[DATASET SECTION]

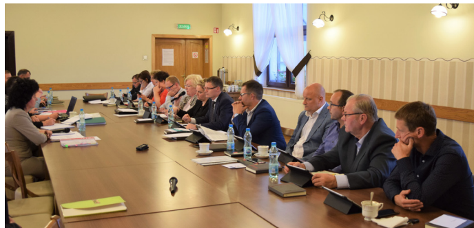
Uchwała została przyjęta podczas sesji Rady Gminy 29 października

„Proponowane regulacje rozwiązują co prawda problem dostępu do eksploatacji najważniejszych z punktu widzenia bezpieczeństwa energetycznego Państwa złóż węgla kamiennego i brunatnego, ale odbywa się to bez poszanowania prywatnej własności i interesów społeczności lokalnych, bez wiedzy o konsekwencjach oddziaływania przedsięwzięcia na środowisko, w sposób nakazowy. Zgodnie z projektem nowelizacji, przedsiębiorstwa górnicze przed uzyskaniem koncesji na wydobycie węgla, będą zobligowane do uzyskania decyzji ministra właściwego do spraw środowiska o utworzeniu „obszaru specjalnego przeznaczenia”, przy czym stroną tego postępowania w świetle proponowanego zapisu art. 42c ust. 2 będzie tylko i wyłącz-
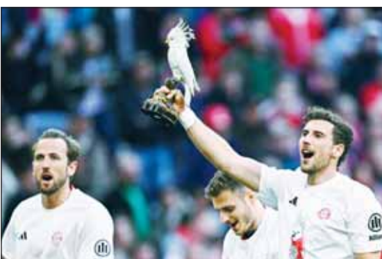
تمثال الببغاء المسروق من أحد المطاعم

ورغم أن اللاعبين أعادوا التمثال لاحقاً إلى المطعم، إلا أن المطعم قرر إهدائه للنادي للمساهمة في تحقيق النجاحات، ليحتول التمثال إلى نوع من التهمة التي، بحسب صحيفة "بيلد"، ستفرج "للتغز" في كل مرة يحقق فيها النادي لقباً.

[TASK TO COMPLETE]
The final stretch of the listing, from the line containing "تمثال الببغاء المسروق من أحد المطاعم" through its last line, both included, is to be output exactly and by itself.

[ANSWER TO THE PROBLEM]
تمثال الببغاء المسروق من أحد المطاعم

ورغم أن اللاعبين أعادوا التمثال لاحقاً إلى المطعم، إلا أن المطعم قرر إهدائه للنادي للمساهمة في تحقيق النجاحات، ليحتول التمثال إلى نوع من التهمة التي، بحسب صحيفة "بيلد"، ستفرج "للتغز" في كل مرة يحقق فيها النادي لقباً.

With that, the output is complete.